Transfiguro a realidade e então outra realidade, sonhadora e sonâmbula, me cria.

 Nunca se inventou nada além de morrer.

 A tragédia de viver existe sim e nós a sentimos.

 

 tudo isso é apenas um fragmento da passiva lírica necrofílica de Clarice, que se encanta não com a morte de outrem, mas com a própria - que remete à associação morte-gozo do francês petit mort, que reinventa a consumação da vida que a dá sentido de todo ultrarromântico, que busca à aniquilação como a Obscena Senhora D. busca seu Deus.

 o mistério da pulsão de morte se esconde em sua explicação psicanalítica como o significado do poema se espreme entre suas sílabas calculadas. diz Freud: "vigora no homem uma necessidade de odiar e aniquilar". vêm à tona, então, a ego-distonia, a saudade (que destrói ao buscar reconstruir) e o suicídio, imediato ou lento. de acordo com artigo da Psicanálise Clínica:

 

A pulsão por morte mostra caminhos para que um ser vivo caminhe em direção ao seu fim sem interferência externa. Dessa maneira, retorna ao seu estágio inorgânico do seu próprio modo.

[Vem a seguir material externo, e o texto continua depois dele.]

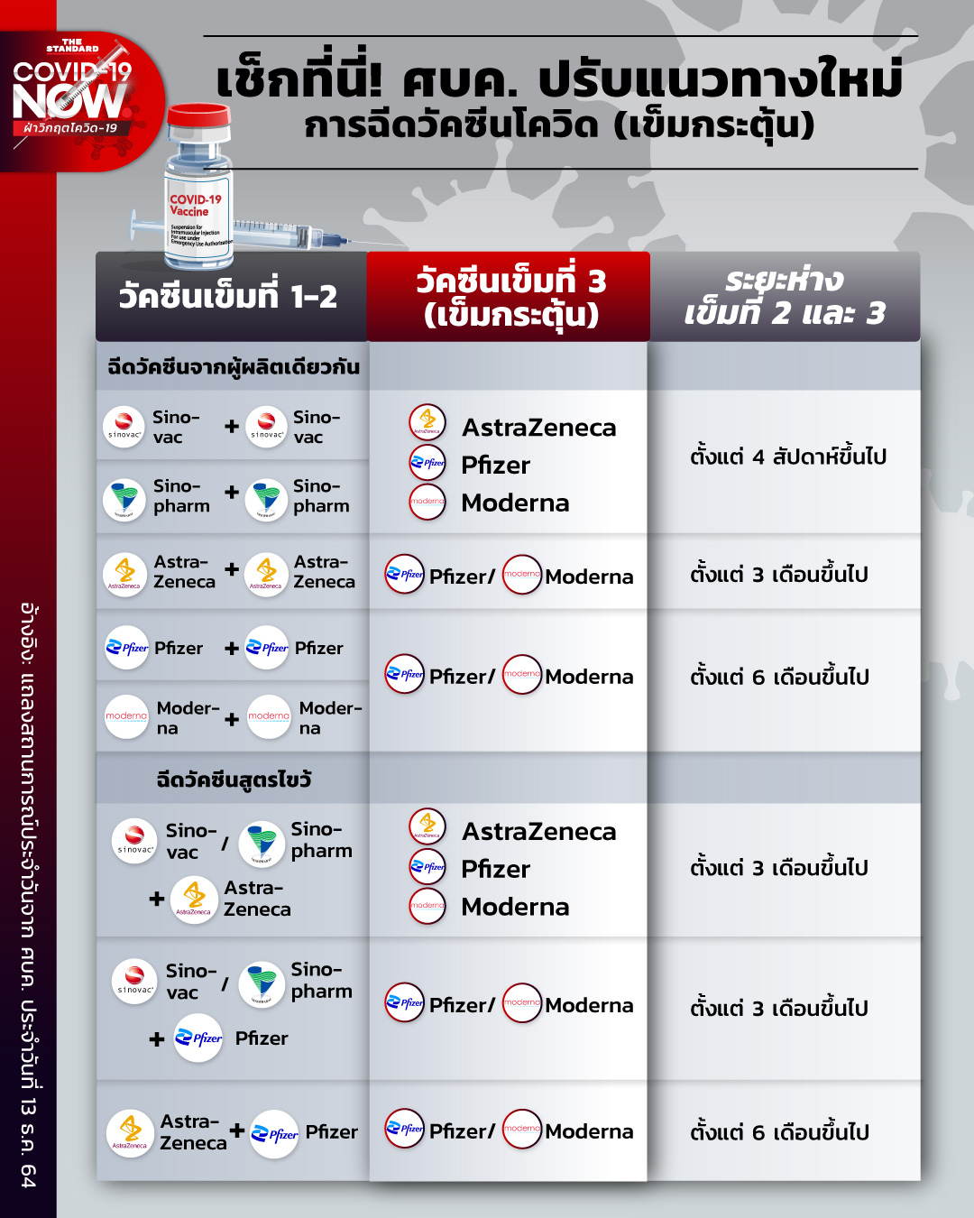 วันนี้ (13 ธันวาคม) จากการแถลงข่าวของศูนย์บริหารสถานการณ์โควิด-19 (ศบค.) นพ.ทวีศิลป์ วิษณุโยธิน เปิดเผยมติที่ประชุมคณะอนุกรรมการสร้างเสริมภูมิคุ้มกันโรค ครั้งที่ 9/2564 เกี่ยวกับคำแนะนำวัคซีนโควิดเข็มกระตุ้นว่า ตอนนี้มีการปรับระยะเวลาการฉีดวัคซีนเข็มที่ 3 (เข็มกระตุ้น) เป็นแนวทางใหม่ ในกรอบเวลาที่เร็วขึ้น

De forma poeticamente fúnebre, o que sobra é o desejo de cada um morrer ao seu próprio modo.


  removo-me de observar o massacre, o genocídio e o sadismo, assuntos talvez para outro devaneio. me apego à ego-distonia, ao masoquismo, à vontade Lispectoriana de se remover da vida. 

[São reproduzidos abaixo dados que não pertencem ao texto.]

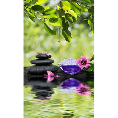 Lotus étang de poissons - diamant rond complet - 40x40cm

 no caso de Monroe, essa remoção é artística. é não somente atriz, mas artista da vida, roteirista de seu fracasso, diretora de cada ato que tenta subtrair qualquer paixão, qualquer vontade, qualquer traço de Norma em si mesma. não a satisfaz ser quem é, pois sente que não é ninguém. não é nada. precisa tornar-se uma lenda. precisa ser um ato. cansou de ter agência sobre sua persona - precisa entregar-se 100% a um papel. as telas não bastam. "era uma presença", diz Mailer, "era ambígua. era o anjo do sexo, e o anjo estava em seu distanciamento". 

 pra quê ser uma pessoa, quando podemos ser uma história? pra quê sofrer as dores e a solidão do Eu, quando podemos nos diluir até sermos uma fantasia do Outro? talvez Marilyn tivesse cansado de ter que sentir e existir em todo momento. talvez quisesse ser um boato. talvez observasse as pessoas ao seu redor e pensasse, subconscientemente: "olha como são satisfeitas! olha como parecem tranquilas! e se eu pudesse ser como uma pessoa que não sou eu? uma pessoa que não pensa a menos que fale? uma pessoa sem vida interior observável? e se o Eu não mais existir?"

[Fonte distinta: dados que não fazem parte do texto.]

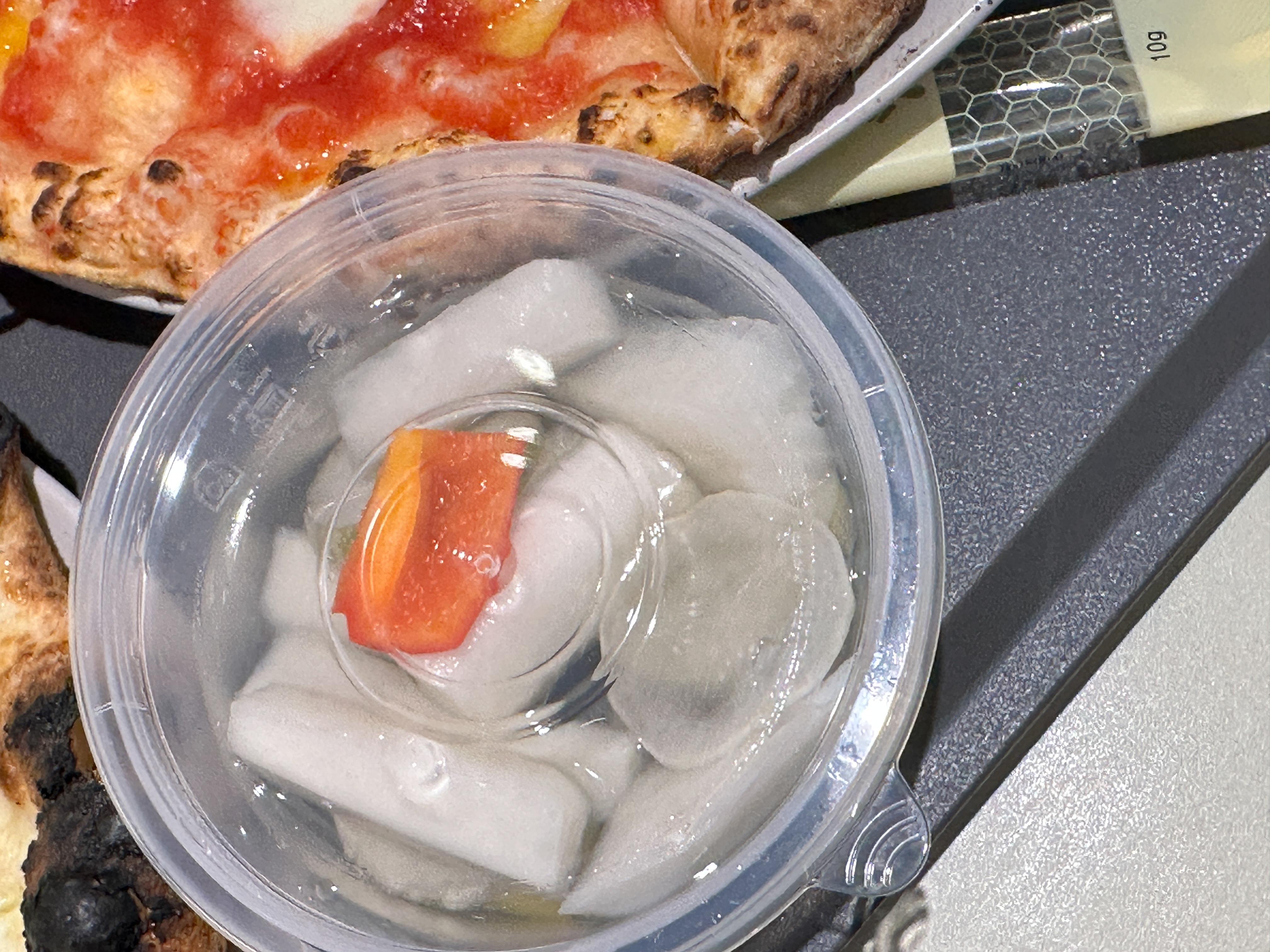 주문한 피자, 피클과 소포장된 꿀을 받아왔다.

 afinal, uma celebridade busca, em meio a dinheiro e reconhecimento, esse aniquilamento. lançar o conturbado e nada glamuroso mundo da interioridade psíquica no esquecimento, tornar-se uma casca de uma pessoa. não é esse o Absurdo de existir, Camus? é a ausência completa de sentido nos sofrimentos internos do Eu, aplacada somente pelo reconhecimento externo. não é o Outro uma das poucas coisas que justifica o rolar e deixar cair da rocha de Sísifo? faz sentido, portanto, que Sísifo queira livrar-se da rocha e tornar-se somente um objeto do Outro: uma lenda que existe quando o Outro nela acredita, um boato que só é quando é percebido. em suma, um Ídolo. talvez um sex symbol. talvez Marilyn Monroe.

. . .


 sigo amando profundamente Marilyn, ou a imagem que tenho dela - que é, afinal, o que ela mais queria. ser amada enquanto imagem. 

 talvez muito sobre mim mesma fique revelado na minha escolha de tema, de palavras, de conclusões. como eu gostaria de ser somente isso: uma escolha de tema, de palavras, de conclusões. como eu gostaria de ser somente um post em um blog.